To do:
Look through the data below. Collect every line where the word "Concept" occurs.

Exercise inputs:
:::

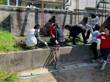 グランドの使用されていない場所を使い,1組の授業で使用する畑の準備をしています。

:::

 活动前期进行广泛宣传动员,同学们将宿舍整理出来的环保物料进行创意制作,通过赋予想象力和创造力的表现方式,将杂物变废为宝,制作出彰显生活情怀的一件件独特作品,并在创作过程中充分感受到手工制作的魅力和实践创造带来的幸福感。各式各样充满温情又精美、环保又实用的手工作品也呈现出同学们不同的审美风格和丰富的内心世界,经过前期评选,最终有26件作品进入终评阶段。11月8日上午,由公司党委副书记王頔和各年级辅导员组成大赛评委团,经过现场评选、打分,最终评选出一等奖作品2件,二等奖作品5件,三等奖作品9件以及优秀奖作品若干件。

:::

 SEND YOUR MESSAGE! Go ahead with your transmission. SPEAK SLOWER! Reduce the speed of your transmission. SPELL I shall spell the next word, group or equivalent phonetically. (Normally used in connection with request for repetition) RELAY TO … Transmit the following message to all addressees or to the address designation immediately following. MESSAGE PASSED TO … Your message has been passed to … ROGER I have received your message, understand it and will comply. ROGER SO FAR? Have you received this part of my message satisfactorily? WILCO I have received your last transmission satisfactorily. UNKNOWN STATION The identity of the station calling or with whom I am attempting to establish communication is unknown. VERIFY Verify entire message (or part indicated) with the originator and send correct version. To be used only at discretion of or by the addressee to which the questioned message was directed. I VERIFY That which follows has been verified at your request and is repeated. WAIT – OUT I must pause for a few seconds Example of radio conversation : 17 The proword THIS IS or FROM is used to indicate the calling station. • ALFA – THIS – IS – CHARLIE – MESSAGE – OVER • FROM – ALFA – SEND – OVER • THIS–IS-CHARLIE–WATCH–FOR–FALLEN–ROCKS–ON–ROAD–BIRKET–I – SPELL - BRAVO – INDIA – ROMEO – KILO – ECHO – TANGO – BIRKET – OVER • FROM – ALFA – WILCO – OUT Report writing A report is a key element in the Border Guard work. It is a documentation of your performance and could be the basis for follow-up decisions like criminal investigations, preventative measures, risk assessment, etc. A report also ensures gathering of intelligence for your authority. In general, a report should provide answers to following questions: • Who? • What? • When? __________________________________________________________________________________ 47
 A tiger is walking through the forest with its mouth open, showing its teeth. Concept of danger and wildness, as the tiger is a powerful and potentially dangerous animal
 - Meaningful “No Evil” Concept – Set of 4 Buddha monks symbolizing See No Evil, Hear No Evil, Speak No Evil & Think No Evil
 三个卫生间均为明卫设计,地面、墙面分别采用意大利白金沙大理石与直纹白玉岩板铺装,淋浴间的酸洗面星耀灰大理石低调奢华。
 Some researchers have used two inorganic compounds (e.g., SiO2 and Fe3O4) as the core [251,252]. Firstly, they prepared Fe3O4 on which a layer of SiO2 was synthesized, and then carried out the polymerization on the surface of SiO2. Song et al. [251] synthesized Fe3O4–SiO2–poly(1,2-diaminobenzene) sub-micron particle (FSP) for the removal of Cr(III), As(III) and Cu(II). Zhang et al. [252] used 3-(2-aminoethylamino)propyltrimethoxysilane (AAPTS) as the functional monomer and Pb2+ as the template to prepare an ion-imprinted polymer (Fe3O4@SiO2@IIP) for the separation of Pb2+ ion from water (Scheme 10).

:::

Answer area:
 A tiger is walking through the forest with its mouth open, showing its teeth. Concept of danger and wildness, as the tiger is a powerful and potentially dangerous animal
 - Meaningful “No Evil” Concept – Set of 4 Buddha monks symbolizing See No Evil, Hear No Evil, Speak No Evil & Think No Evil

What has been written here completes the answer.